Background: Traumatic brain injury (TBI) greatly contributes to morbidity and mortality in the pediatric population. We examined potential urban/rural disparities in mortality amongst Oregon pediatric patients with TBI treated in trauma hospitals. Methods: We conducted a retrospective study of children ages 0–19 using the Oregon Trauma Registry for years 2009–2012. Geographic location of injury was classified using the National Center for Health Statistics Urban/Rural Classification Scheme. Incidence rates were calculated using Census data for denominators. Associations between urban/rural injury location and mortality were assessed using multivariable logistic regression, controlling for potential confounders. Generalized estimating equations were used to help account for clustering of data within hospitals. Results: Of 2794 pediatric patients with TBI, 46.6 % were injured in large metropolitan locations, 24.8 % in medium/small metropolitan locations, and 28.6 % in non-metropolitan (rural) locations.

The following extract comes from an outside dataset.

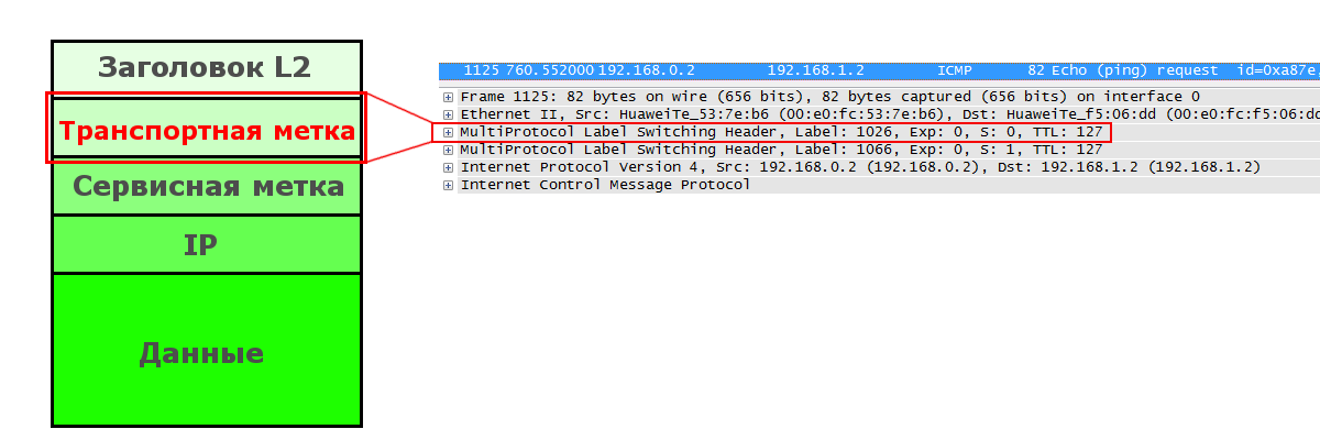 Таким образом, нам необходима транспортная метка. Она верхняя в стеке.

Children with rural locations of injury had a greater annualized TBI incidence rate, at 107/100,000 children per year, than those from large metropolitan areas (71/100,000 per year). Compared to children injured in urban locations, those in rural locations had more than twice the crude odds of mortality (odds ratio [OR], 2.5; 95 % CI, 1.6–4.0). This association remained significant (OR, 1.8; 95 % CI, 1.04–3.3) while adjusting for age, gender, race, insurance status, injury severity, and type of TBI (blunt vs. penetrating). Conclusion: We observed higher rates of TBI and greater proportions of severe injury in rural compared to urban areas in Oregon. Rural children treated in the trauma system for TBI were more likely to die than urban children after controlling for demographic and injury factors associated with urban/rural residence. Further research is needed to examine treatment disparities by urban/rural location. Future work should also identify interventions that can reduce risk of TBI and TBI-related mortality among children, particularly those who live in rural areas.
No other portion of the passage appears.